# Hook Norton and Swerford Park railway cuttings and tunnel portals, May 2008



## batroy (May 6, 2008)

This is a section of the abandoned railway line that once connected Banbury and Cheltenham, closed in 1964. Today it forms a nature reserve owned by the Berks, Bucks and Oxon Wildlife Trust and though it's not the most exciting site you'll ever see it's more worth a visit than the average abandoned railway because within a short distance it has not only a tunnel but the remains of a viaduct. For me it's a return to my roots, though it's the first time I've been to this particular site I cut my exploring teeth on Beeching-era railway remains in the 1980s. It was chucking it down when I was there so I got rather wet and the photographs were a little hurried to avoid the camera getting wet.

This site is split into two subsites, the cuttings north and south of the tunnel. Access is easy enough from the local minor roads and the wildlife trust have even provided small lay-bys for parking.
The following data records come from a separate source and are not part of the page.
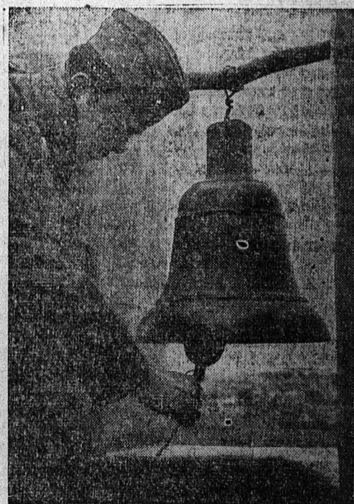
RIADÓ AZ ARCVONAL MÖGÖTT

Az innen keletre fekvő kikötők a rivierai vendégforgalom lebonyolítását szolgálják; Fréjus, St. Raphael, végül pedig Nizza, az Olaszország felé vezető út kapujában. Kikötőberendezései majdnem egészen újak, s köztük a kék vizen legújabbnyire idegenek yachttjai ringanak. Szomszédságában fekszik Villefrance, amelyet 1295-ben alapított Anjou Károly, Szicília királya; ez szintén hadikikötő. (TEK)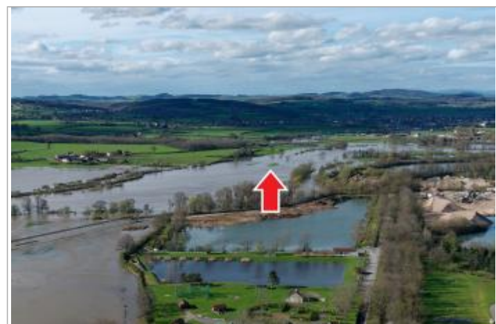
Photo prise pendant l'événement, le 02/04/2024, à 17h33.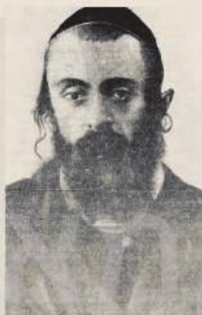
דער בעלזער רבי, וועלכער איז דער קראנק און האט שוין גענוג גענוג צו שווימען זיך אין בערלין.

בערלין, יוני 5. — דער יונגער בעלזער רבי איז אנגעקומען סיטווא קיין בערלין, כדי צו זעהן זיך מיט א גרויסען דאקטאר. דער רבי איז שטארק קראנק. אין דעם אידישען קווארטאל פון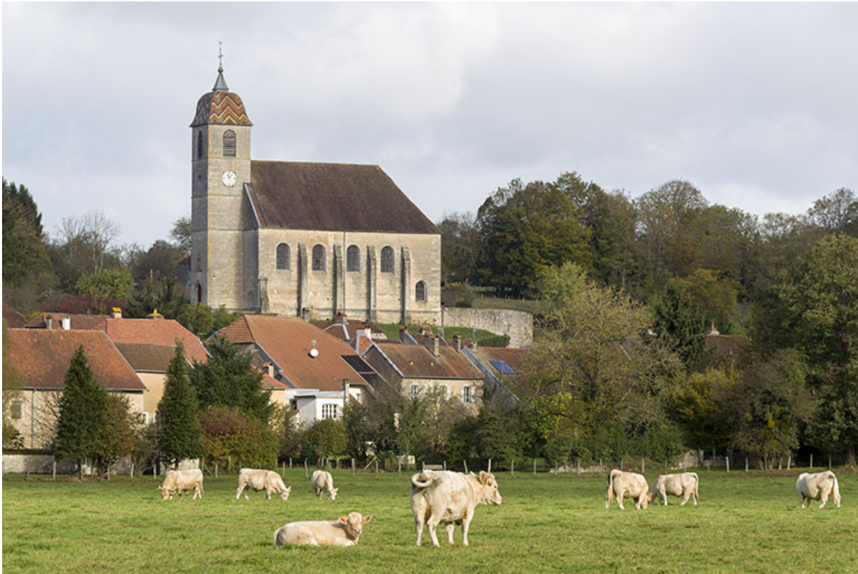
Vue générale en direction du Breuil.

Into the north site first, scrambling down the steps into the cutting by the road bridge. The vegetation on this side of the site has been left to grow, and the cutting is heavily overgrown with mature trees and an impressive array of ferns and smaller plants in on the trackbed. Walking up the cutting towards the tunnel you reach an area where the cutting side has collapsed in a landslip. Past the landslip and there's the northern portal of Swerford Park tunnel. Sadly it's well secured. The disused tunnels database has it listed as 490 yards long.







Next to the northern tunnel portal stand the remains of a permanent way shelter.






Returning down the cutting and under the bridge, the trackbed emerges from the hill onto an embankment. This ends abruptly at the site of a viaduct which once carried the railway over the valley of the river Swere. All that remains of the viaduct are the stone piers which once supported it, the iron deck having been removed for scrap soon after closure. It's an impressive sight, the line of piers being higher than the surrounding trees.






The southern cutting is a very different site from its neighbour. The wildlife trust have managed this one by removing excess vegetation to create a meadow habitat so there are none of the large trees of the photographs above. Instead there are wide grassy slopes covered with wild flowers. A short walk up the southern cutting brings you to the other tunnel portal, yet again securely closed.






This is not an A-list explore, and it certainly won't take too long. But it's an easy walk with no accessibility worries and is worth a quick detour if you are visiting Hook Norton for the brewery tour.

There are more pictures of Swerford Park tunnel, the cuttings and viaduct on Dereliction in the Shires.

A Flash Earth link to the tunnel is here:

http://www.flashearth.com/?lat=51.98381&lon=-1.478434&z=16.3&r=0&src=msl


----------



## King Al (May 6, 2008)

Looks like a nice place for a rambel


----------



## cardiffrail (May 6, 2008)

Thanks mate, shame the tunnel has been blocked off. Looks very wet down there!


----------



## batroy (May 6, 2008)

cardiffrail said:


> Thanks mate, shame the tunnel has been blocked off. Looks very wet down there!



As far as I could see it wasn't a "wet" cutting or tunnel as such, the standing water was all pretty shallow and the result of the fact it was chucking it down. Anyway, four tunnels in the county, two are blocked(the other being Horspath), one's still in use(Oxford Woodstock Road) so the odds of number 4(Chipping Norton) being open are not high. Some point I'll give it a look and you'll see the pictures.


----------



## borntobemild (May 6, 2008)

lovely spot. Visited it a few times when i lived near there. From memory there's another tunnel further down the line just NW of Chipping Norton. Think it's blocked up as well though.


----------



## Foxylady (May 7, 2008)

What a delightful place! The stone pillars of the viaduct are a bit scary...very interesting, but scary!  Good stuff!


----------